With this it will be convenient to discuss the following:
Amendment 363, in clause 179, page 152, line 34, leave out ‘encourage’ and insert ‘ensure’.
Amendment 364, in clause 179, page 152, line 37, leave out ‘encourage’ and insert ‘ensure’.
I do not apologise for returning to a recurring theme. Yet again, we have a duty, relating to integrated working, and a weasel word. The duty is to encourage integrated working. The health and well-being boards seem to have very few functions, even though clause 179 comes under the heading “Health and Wellbeing Boards: functions”. What are the functions? They seem to be a “Duty to encourage integrated working”—there does not seem to be any other sub-heading. As it is such an important part of their functions—the main one, really—why can they not ensure integrated working instead of just encouraging it?
Given that integrated working is such an important policy thrust and that the Government and the Opposition agree that we must have more integrated working and services, if the health and well-being board has a role, it is to bring all parties together and ensure that. Encouraging it is not sufficient. “Encourage” is a weasel word. Let us ensure integrated working. If health and well-being boards cannot ensure it, nobody can.

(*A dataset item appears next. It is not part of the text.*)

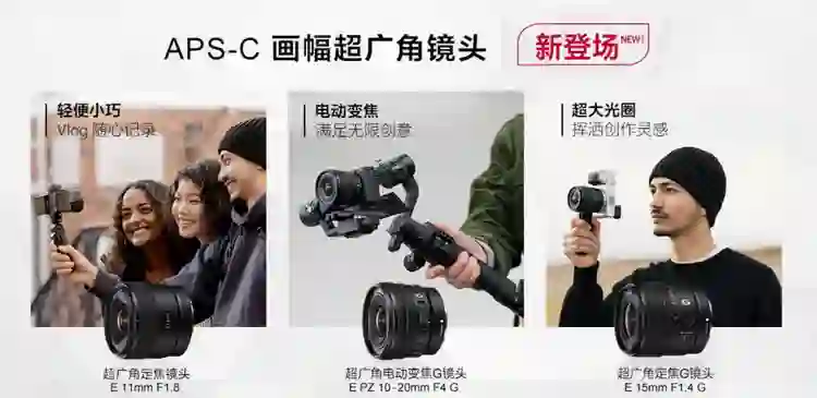 从索尼官方宣传照三支新 APS-C 画幅镜头都是针对 Vlog 创作设计的,只是不知对 Vlog 用户吸引力有多大,毕竟腾龙此前已经推出了 11-20mm F/2.8 Di III-A RXD 镜头。

Amendment 372 would change subsection (2), which provides for
“arrangements under section 75 of the National Health Service Act 2006 in connection with the provision of such services”,
to read “integrated services”. The whole purpose of the clause is to ensure integrated working. Those are my arguments for the amendments. I will speak further on clause stand part, Mr Hancock.
I start by reflecting on the fact that, for the best part of 13 years, the question of how we better deliver integrated services was one that I raised, in opposition, in relation to various pieces of legislation. Interestingly, I was always told that the duties provided through the NHS flexibilities would be sufficient. Of course, one reason why they have not proved sufficient is the absence of the right collaborative behaviours and working relationships in many parts of the country, which has got in the way of that happening. To drive that forward is one reason why we have crafted the Bill as we have, conceived the idea of a health and well-being board, and placed the duties in respect of joint strategic needs assessments and joint health and well-being strategies in the Bill in the way we have.

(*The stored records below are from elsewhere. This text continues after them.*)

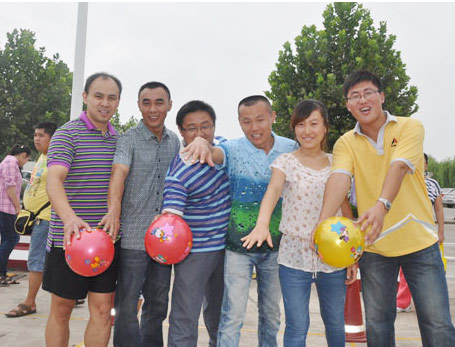 一声哨响,背靠背的七队搭档开始侧身飞奔,一边要注意脚下的步子谐调并进,一边要留意后背间的皮球有没有“溜”出来,还要时不时地关注下竞争对手的情况,每组选手都“忙”得不亦乐乎!由于默契度明显不在一个层面上,各组的差距也很快显现出来,两队夫妻档表现各异,一组一马当先另一组则不幸被落到了*后,形成了有趣的对比……
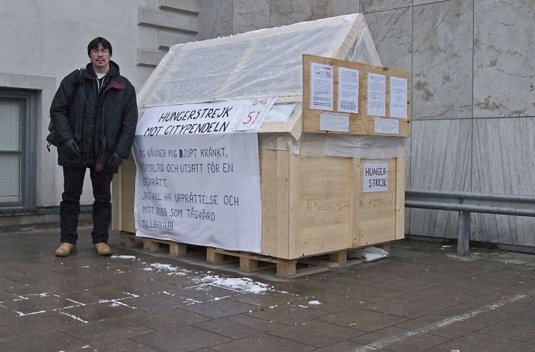 Den 6 december åt han en hamburgare. Därefter har han levt på vätska, blåbärssoppa och Apotekets multivitaminer. Magnus Axelsson är inne på sitt 50e strejkdygn. Sedan början av december bor han vid Klarabergsviadukten i knappt mer än en trälåda, inte större än två kvadratmeter. År 2001 förlorade han sitt jobb och nu vill han ha det tillbaka.
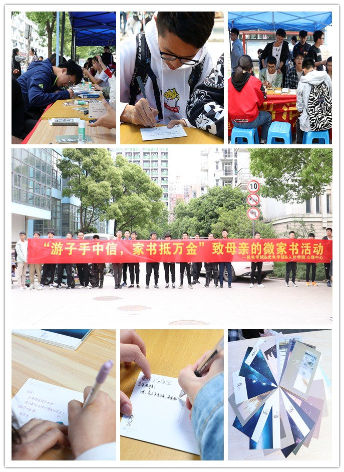 五月的第二个星期天是母亲节,是我们心中最难以忘却的日子。这个节日,是对母亲的赞美和颂扬,是提醒我们时刻记住:感恩我们的母亲。为了鼓励同学们学会向母亲表达爱,说出心里话,机电工程学院心理健康权益中心联合光学与电子科技学院心理健康部、人文与外语学院心理健康部于5月8日中午在G3食堂前举办“游子手中信,家书抵万金”致母亲的微家书活动。

Let me address directly the suggestion from the hon. Member for Islington South and Finsbury that we should move from the language currently in the Bill, “encourage”, to “ensure”. The issue for us is the fear of the law of unintended consequences—unintended consequences that would follow from the amendment. There are areas of NHS activity—services that the NHS provides—in which integration with social care would never be appropriate. Specialist health services may have very little overlap, or indeed none, with social care, so requiring them to integrate would have very little benefit, and would in fact be an unnecessary burden placed on the NHS. We are trying to achieve a proportionate and appropriate framing of the legislation, requiring the health and well-being boards to drive forward integration where it is appropriate. That is what this is all about.
Would the Minister be kind enough to clarify another aspect of this? How is “encourage” to be defined in the legislation? What criteria are envisaged as suitable to assess whether the duty to encourage has been met? Given that it is so important, how do we know whether a health and well-being board has been successful? We must consider that the success of a health and well-being board will lie in its ability and capacity to create a culture of consensus across its membership. How do we know whether it is doing its job properly? How do we define “encourage” and how do we assess whether health and well-being boards have been successful?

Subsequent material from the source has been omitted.